[What you should do] Without the images, reproduce every entry exactly.

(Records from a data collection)
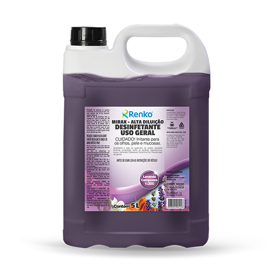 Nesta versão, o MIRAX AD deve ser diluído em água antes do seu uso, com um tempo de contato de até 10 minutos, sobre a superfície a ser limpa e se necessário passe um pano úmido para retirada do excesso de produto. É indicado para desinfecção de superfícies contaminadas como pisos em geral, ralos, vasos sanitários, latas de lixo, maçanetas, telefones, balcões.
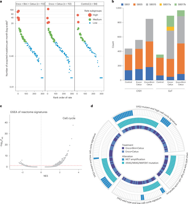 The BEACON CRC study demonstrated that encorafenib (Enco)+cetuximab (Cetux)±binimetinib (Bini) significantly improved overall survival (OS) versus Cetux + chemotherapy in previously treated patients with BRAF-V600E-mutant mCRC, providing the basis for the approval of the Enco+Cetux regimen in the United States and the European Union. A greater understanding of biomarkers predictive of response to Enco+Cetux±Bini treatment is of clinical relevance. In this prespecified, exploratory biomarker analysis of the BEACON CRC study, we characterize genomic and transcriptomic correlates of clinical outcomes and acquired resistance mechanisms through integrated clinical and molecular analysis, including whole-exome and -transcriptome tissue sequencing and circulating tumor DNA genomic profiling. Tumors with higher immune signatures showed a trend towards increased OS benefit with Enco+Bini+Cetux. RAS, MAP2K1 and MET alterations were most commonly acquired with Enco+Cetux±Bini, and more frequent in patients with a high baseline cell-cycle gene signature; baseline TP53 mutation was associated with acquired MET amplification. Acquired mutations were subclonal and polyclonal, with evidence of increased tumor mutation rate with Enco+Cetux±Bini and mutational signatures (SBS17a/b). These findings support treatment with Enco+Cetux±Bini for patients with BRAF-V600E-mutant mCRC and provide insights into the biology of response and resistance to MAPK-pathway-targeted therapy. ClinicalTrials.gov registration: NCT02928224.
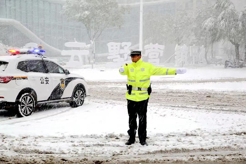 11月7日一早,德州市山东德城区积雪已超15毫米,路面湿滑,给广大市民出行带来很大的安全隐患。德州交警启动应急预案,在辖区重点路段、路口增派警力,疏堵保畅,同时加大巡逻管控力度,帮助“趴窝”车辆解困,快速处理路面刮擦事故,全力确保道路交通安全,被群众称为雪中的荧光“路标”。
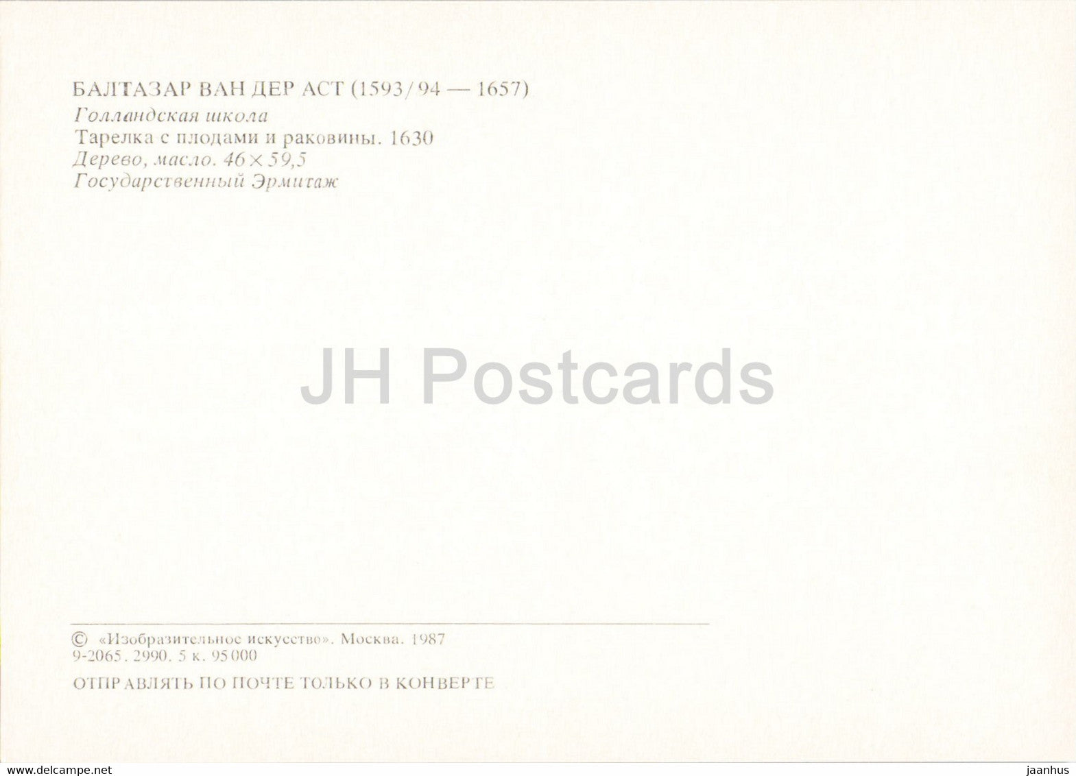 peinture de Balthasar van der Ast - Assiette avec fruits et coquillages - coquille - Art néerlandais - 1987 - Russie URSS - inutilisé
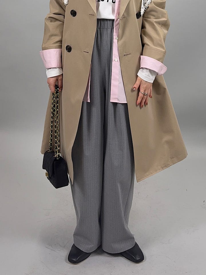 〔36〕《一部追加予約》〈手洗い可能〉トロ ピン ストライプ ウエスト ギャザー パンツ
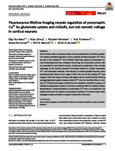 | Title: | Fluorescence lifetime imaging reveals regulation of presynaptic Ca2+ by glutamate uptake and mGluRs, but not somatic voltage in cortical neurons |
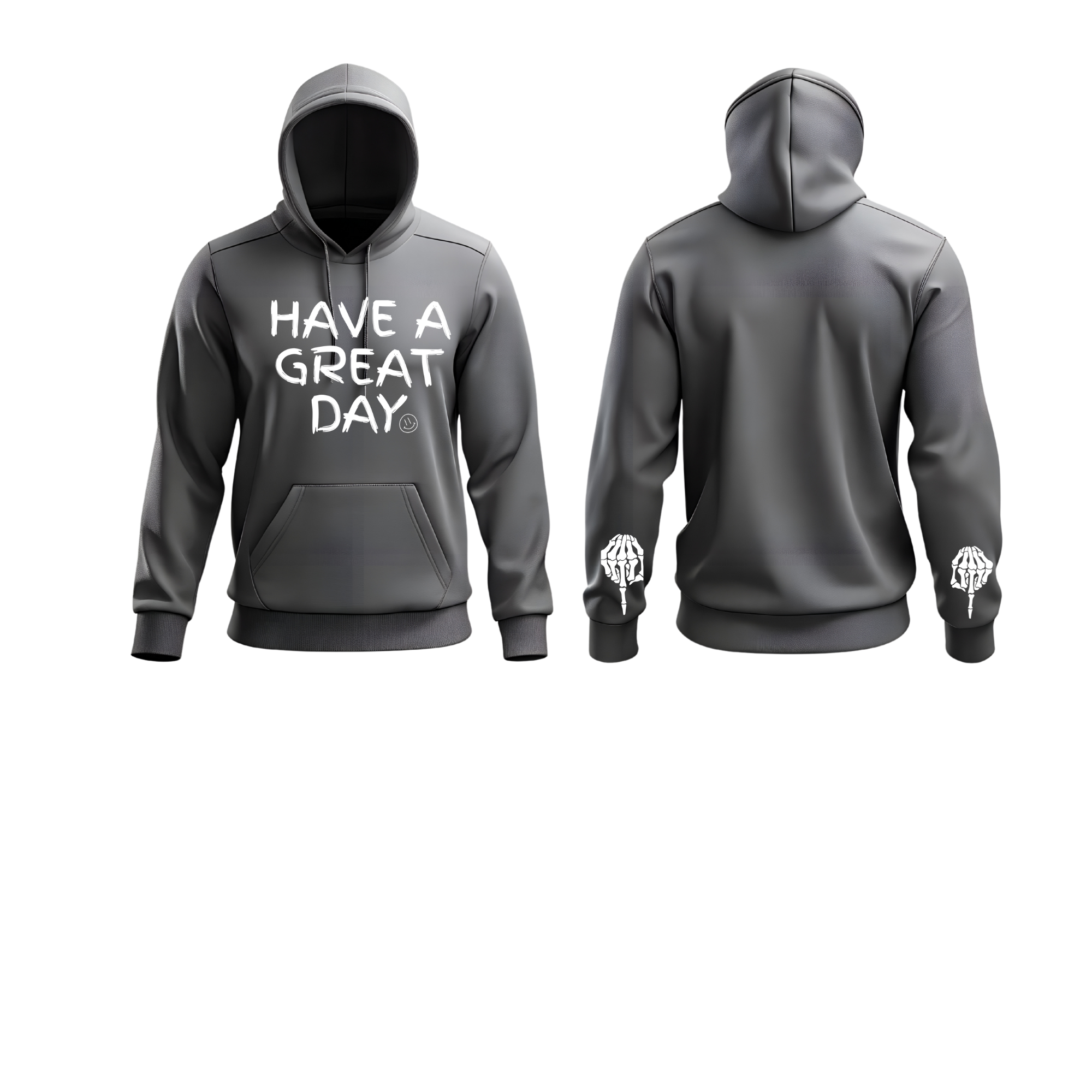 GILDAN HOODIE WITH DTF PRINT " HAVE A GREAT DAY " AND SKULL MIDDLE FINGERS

[Written solution]
 Nesta versão, o MIRAX AD deve ser diluído em água antes do seu uso, com um tempo de contato de até 10 minutos, sobre a superfície a ser limpa e se necessário passe um pano úmido para retirada do excesso de produto. É indicado para desinfecção de superfícies contaminadas como pisos em geral, ralos, vasos sanitários, latas de lixo, maçanetas, telefones, balcões.
 The BEACON CRC study demonstrated that encorafenib (Enco)+cetuximab (Cetux)±binimetinib (Bini) significantly improved overall survival (OS) versus Cetux + chemotherapy in previously treated patients with BRAF-V600E-mutant mCRC, providing the basis for the approval of the Enco+Cetux regimen in the United States and the European Union. A greater understanding of biomarkers predictive of response to Enco+Cetux±Bini treatment is of clinical relevance. In this prespecified, exploratory biomarker analysis of the BEACON CRC study, we characterize genomic and transcriptomic correlates of clinical outcomes and acquired resistance mechanisms through integrated clinical and molecular analysis, including whole-exome and -transcriptome tissue sequencing and circulating tumor DNA genomic profiling. Tumors with higher immune signatures showed a trend towards increased OS benefit with Enco+Bini+Cetux. RAS, MAP2K1 and MET alterations were most commonly acquired with Enco+Cetux±Bini, and more frequent in patients with a high baseline cell-cycle gene signature; baseline TP53 mutation was associated with acquired MET amplification. Acquired mutations were subclonal and polyclonal, with evidence of increased tumor mutation rate with Enco+Cetux±Bini and mutational signatures (SBS17a/b). These findings support treatment with Enco+Cetux±Bini for patients with BRAF-V600E-mutant mCRC and provide insights into the biology of response and resistance to MAPK-pathway-targeted therapy. ClinicalTrials.gov registration: NCT02928224.
 11月7日一早,德州市山东德城区积雪已超15毫米,路面湿滑,给广大市民出行带来很大的安全隐患。德州交警启动应急预案,在辖区重点路段、路口增派警力,疏堵保畅,同时加大巡逻管控力度,帮助“趴窝”车辆解困,快速处理路面刮擦事故,全力确保道路交通安全,被群众称为雪中的荧光“路标”。
 peinture de Balthasar van der Ast - Assiette avec fruits et coquillages - coquille - Art néerlandais - 1987 - Russie URSS - inutilisé
 〔36〕《一部追加予約》〈手洗い可能〉トロ ピン ストライプ ウエスト ギャザー パンツ
 | Title: | Fluorescence lifetime imaging reveals regulation of presynaptic Ca2+ by glutamate uptake and mGluRs, but not somatic voltage in cortical neurons |
 GILDAN HOODIE WITH DTF PRINT " HAVE A GREAT DAY " AND SKULL MIDDLE FINGERS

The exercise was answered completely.